From the Department of Anesthesiology and Perioperative Medicine, Division of Critical Care Medicine, Mayo Clinic, Rochester, Minnesota.
Internal Medicine, Mount Auburn Hospital, Harvard Medical School, Cambridge, Massachusetts.
Anesth Analg. 2019 Feb;128(2):288-295. doi: 10.1213/ANE.0000000000002794.
Thrombocytopenia is frequently encountered in critically ill patients, often resulting in prophylactic transfusion of platelets for the prevention of bleeding complications. However, the efficacy of this practice remains unclear. The objective of this study was to determine the relationship between prophylactic platelet transfusion and bleeding complications in critically ill patients.
This is a retrospective cohort study of adults admitted to surgical, medical, or combined medical-surgical intensive care units (ICUs) at a single academic institution between January 1, 2009, and December 31, 2013. Inclusion criteria included age ≥18 years and a platelet count measured during ICU admission. Propensity-matched analyses were used to evaluate associations between prophylactic platelet transfusions and the outcomes of interest with a primary outcome of red blood cell transfusion in the ensuing 24 hours and secondary outcomes of ICU and hospital-free days and changes in sequential organ failure assessment scores.

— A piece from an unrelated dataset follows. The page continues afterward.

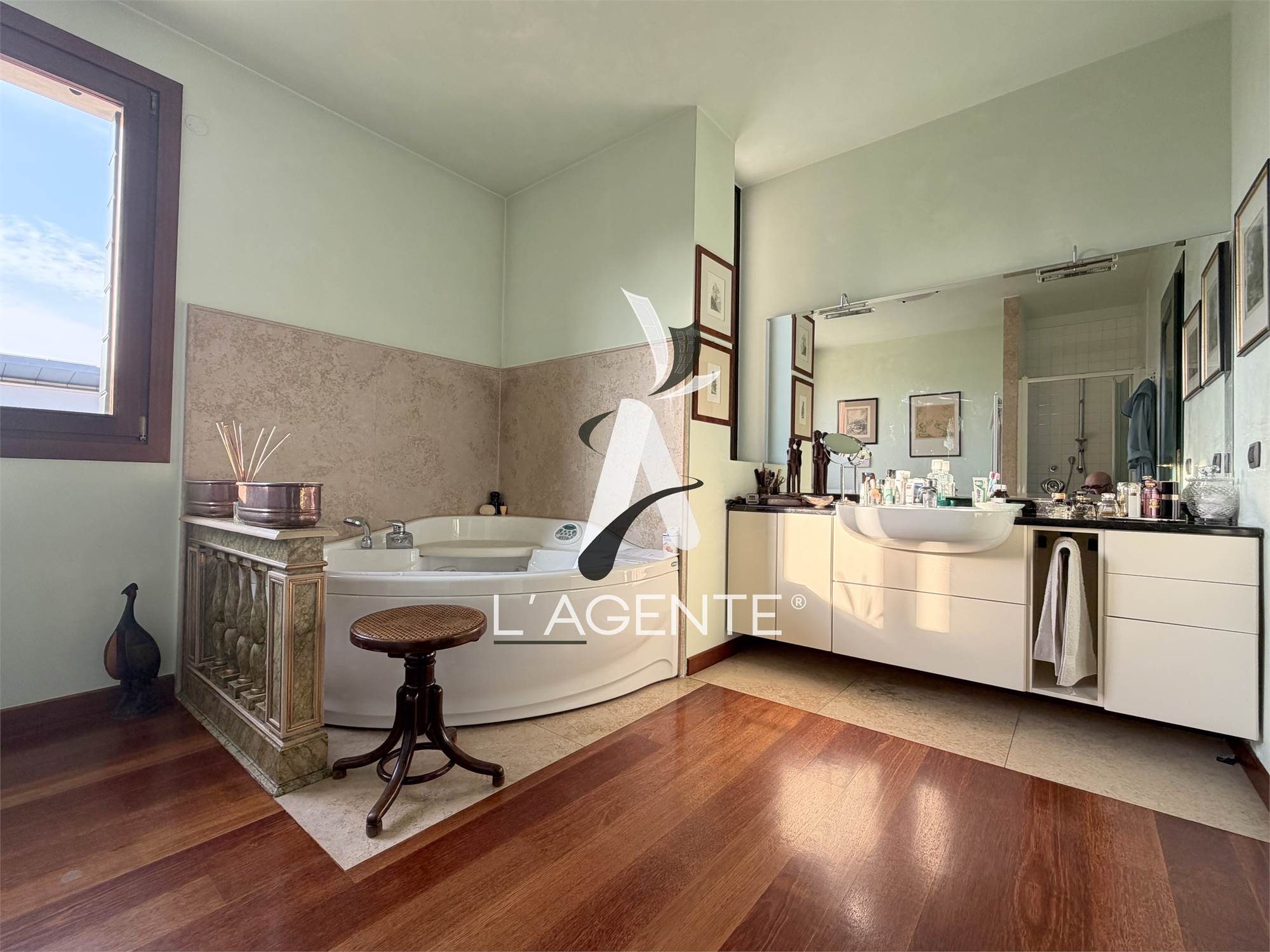 Mestre, zona Favorita, nella più prestigiosa zona residenziale della città, in posizione interna e luminosissima disponiamo di VILLA BIFAMILIARE SIGNORILE con AMPIO GIARDINO PRIVATO, PALESTRA, SAUNA PRIVATA e FINITURE DI PREGIO!!! La soluzione si sviluppa su tre livelli, al piano inferiore troviamo: ampia taverna di oltre 50 mq, vano uso lavanderia, locale tecnico caldaia, comoda sauna e garage doppio! Al piano terra: ingresso nel disimpegno, cucina abitabile con accesso al giardino, cabina armadio, bagno e soggiorno di oltre 60 mq con accesso al giardino; al piano primo: bagno molto grande, studio privato di grandi dimensioni, camera matrimoniale e palestra; al piano primo camera matrimoniale, bagno e angolo studio con vano uso deposito nel sottotetto. All’interno come finiture troviamo: porta blindata all’ingresso, pavimentazione in marmo dappertutto, infissi triplo vetro antisfondamento in metallo OT67 nel soggiorno e in legno doppio vetro nelle restanti, RISCALDAMENTO A PAVIMEMENTO; parquet nella zona notte e in ceramica nel bagno superiore, pavimentazione in marmo e parquet al piano inferiore, sauna interamente in legno, 4 split aria condizionata, impianto fotovoltaico con batterie di accumulo. Al piano terra troviamo 2 posti auto PRIVATI. Esternamente la soluzione si presenta bene e senza alcun lavoro straordinario in previsione. CONTESTO DI PREGIO, caratterizzata da zone verdi, ideale per chi è alla ricerca di ELEGANZA e FUNZIONALITA’, vicino ai servizi e alle principali vie di comunicazione della città!!! DA VEDERE PRIMA CHE SIA TROPPO TARDI!!!

A total of 40,693 patients were included in the investigation with 3227 (7.9%) receiving a platelet transfusion and 1065 (33.0%) for which platelet transfusion was prophylactic in nature. In propensity-matched analyses, 994 patients with prophylactic platelet transfusion were matched to those without a transfusion. Patients receiving prophylactic platelets had significantly higher red blood cell transfusion rates (odds ratio 7.5 [5.9-9.5]; P < .001), fewer ICU-free days (mean [standard deviation] 20.8 [9.1] vs 22.7 [8.3] days; P = .004), fewer hospital-free days (13.0 [9.7] vs 15.8 [9.4] days; P < .001), and less improvement in sequential organ failure assessment scores (mean decrease of 0.2 [3.6] vs 1.8 [3.3]; P < .001) in the subsequent 24 hours. These findings appeared robust, persisting in multiple predefined sensitivity analyses.
Prophylactic administration of platelets in the critically ill was not associated with improved clinical outcomes, though residual confounding may exist. Further investigation of platelet transfusion strategies in this population is warranted.
血小板减少症在危重症患者中很常见,常预防性输注血小板以预防出血并发症。然而,这种做法的疗效尚不清楚。本研究的目的是确定危重症患者预防性血小板输注与出血并发症之间的关系。
这是一项回顾性队列研究,纳入了 2009 年 1 月 1 日至 2013 年 12 月 31 日期间在单一学术机构的外科、内科或内科-外科联合重症监护病房(ICU)住院的成年人。纳入标准包括年龄≥18 岁且 ICU 入院时测量血小板计数。采用倾向匹配分析评估预防性血小板输注与主要结局(随后 24 小时内输注红细胞)和次要结局(ICU 和住院无天数和序贯器官衰竭评估评分变化)之间的关联。
共纳入 40693 例患者,其中 3227 例(7.9%)接受血小板输注,1065 例(33.0%)为预防性输注血小板。在倾向匹配分析中,994 例接受预防性血小板输注的患者与未输注的患者相匹配。接受预防性血小板输注的患者红细胞输注率显著较高(比值比 7.5 [5.9-9.5];P <.001),ICU 无天数更少(平均[标准差]20.8 [9.1] vs 22.7 [8.3]天;P =.004),住院无天数更少(13.0 [9.7] vs 15.8 [9.4]天;P <.001),随后 24 小时序贯器官衰竭评估评分改善较少(平均下降 0.2 [3.6] vs 1.8 [3.3];P <.001)。这些发现似乎是稳健的,在多个预设的敏感性分析中仍然存在。
在危重症患者中预防性给予血小板并没有改善临床结局,但可能存在残留混杂因素。有必要进一步研究该人群中的血小板输注策略。